With the impersonal nature of the Internet (to a certain extent) and the ease of being able to come out of de-lurk mode, why is it so hard for some of us to actually "de-lurk?"

Interested in your thoughts...(and yes, this is a call to come out of "lurk" mode!)


  1. I do a lot of blog visiting. I try to leave a supportive comment, if I can. Sometimes, on Blogger, I can't, because it won't let me sign in; sometimes the blog just isn't my cup of tea, so I move on without aaying anything.

    Of course, on some days, I simply have nothing to say, so I don't comment anyway . . .

  2. My time seems to have dried up recently. I do lurk. I do try to not write anything hurtful. I don't like being mean. :)

  3. I think a lot of people lurk for time issues. It's easy to zip in, read, zip out. But once you de-lurk, you're engaged. Engaging takes more time. Just a theory. And if I had more time I might even expound on it. ;)

  4. I lurk on some blogs, and comment all the time on other blogs. Some of it depends on how much I enjoy the blog. Some of it depends on how much of a community the commenters have, if the blogger comes and posts in the comments and comments on comments. (man, did that make sense?? LOL).

    I lurk on a lot of forums though, just looking for information.

  5. I too get a lot of lurkers, and I don't leave comments every time a visit a blog but I try to often enough to let my fellow bloggers know I am still around.

  6. If I'm at work, as I am now, I don't always get time to comment. But I do when I have the time and when something in the blog engages me.

  7. Yeah - what Kelly said. Coming up with comments (appropriate ones) isn't always easy. And these days, even time to crawl the blogs is scarce! That's why I do like Facebook - I can post a status update and everyone sees it. Similarly, I can scan all the status updates for my friends on one page.

  8. It's interesting to see everyone's take on the whole "comments" and "lurking" issue. I confess, there's days I just don't feel like commenting, but then I feel bad!

  9. Anonymous6:09 PM

    Sometimes I don't comment because I feel like doing so would be intrusive. Silly thought, though, because I always welcome comments on my blog!


  10. I tend to behave online as I do in real life. If there's a large group, I'm less involved. If it's one on one, and I like you, I'll pipe up. It's funny how people think being online gives them a different persona, but for me, it's all the same.

  11. I tend to behave online as I do in real life. If there's a large group, I'm less involved. If it's one on one, and I like you, I'll pipe up. It's funny how people think being online gives them a different persona, but for me, it's all the same.

  12. RT - I've felt the same way! Sometimes when there are a lot of comments, I feel like I'm intruding on the conversation - in other words, it's like walking up to a group of people that all know each other but don't know ME and suddenly contributing to the discussion.

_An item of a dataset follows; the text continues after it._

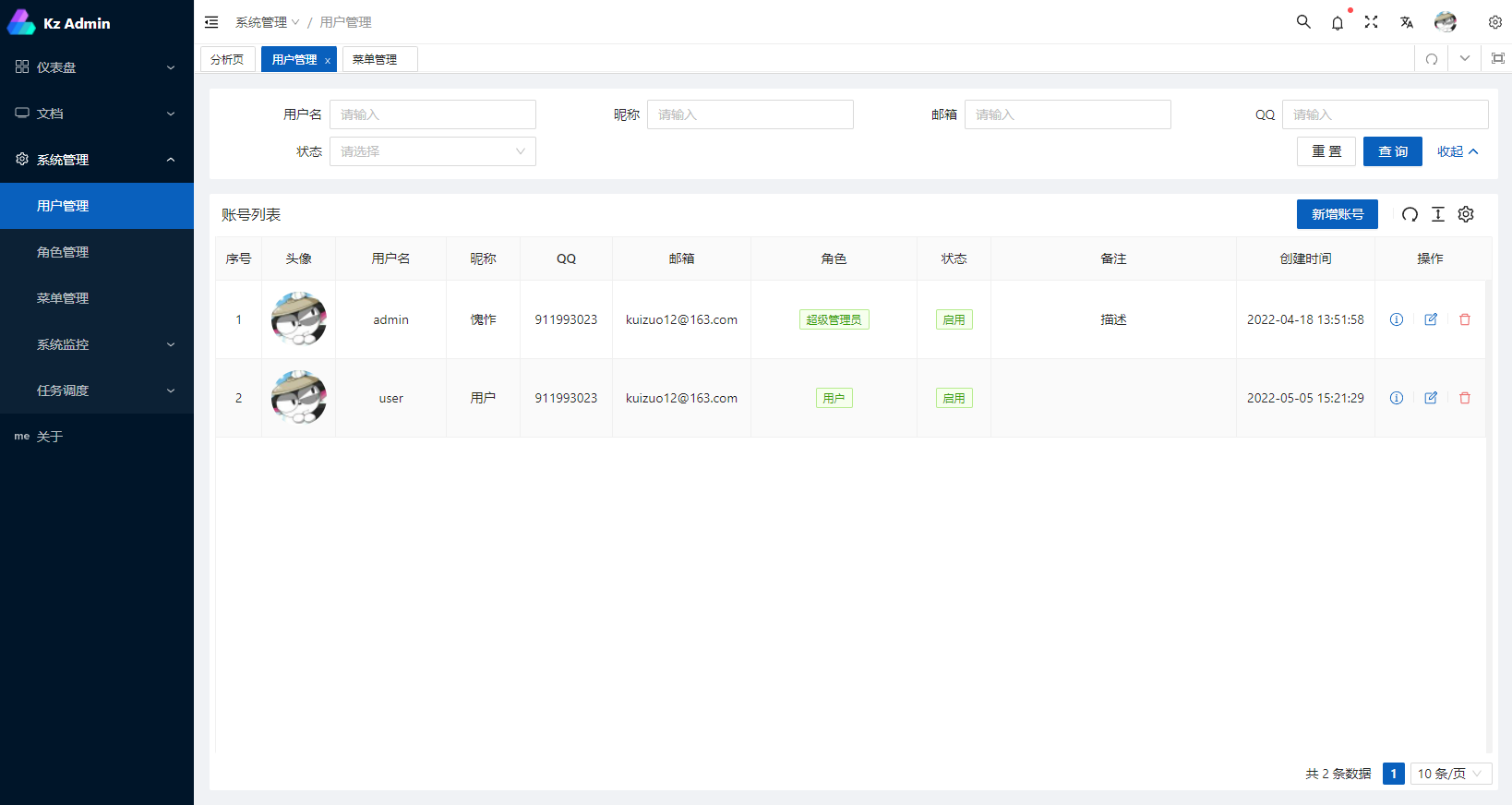 演示地址:KzAdmin 管理员账号:admin 密码:123456

    Marty, I think I am more apt to participate on the Internet then in real life. I tend to be pretty shy in person - unless I am very comfortable with whoever I'm around. :-)

  13. I have a lot of lurkers too. I find I get far more emails from people commenting on my blog than I do comments.

    I think though that it's a time issue. It's easy to go to a blog, read it, go to another blog...

    And sometimes, believe it or not, I don't have anything to say. :o)

  14. There are days when I truly can't think of anything to say, either. :-) (My husband would be ASTONISHED by this bit of info!)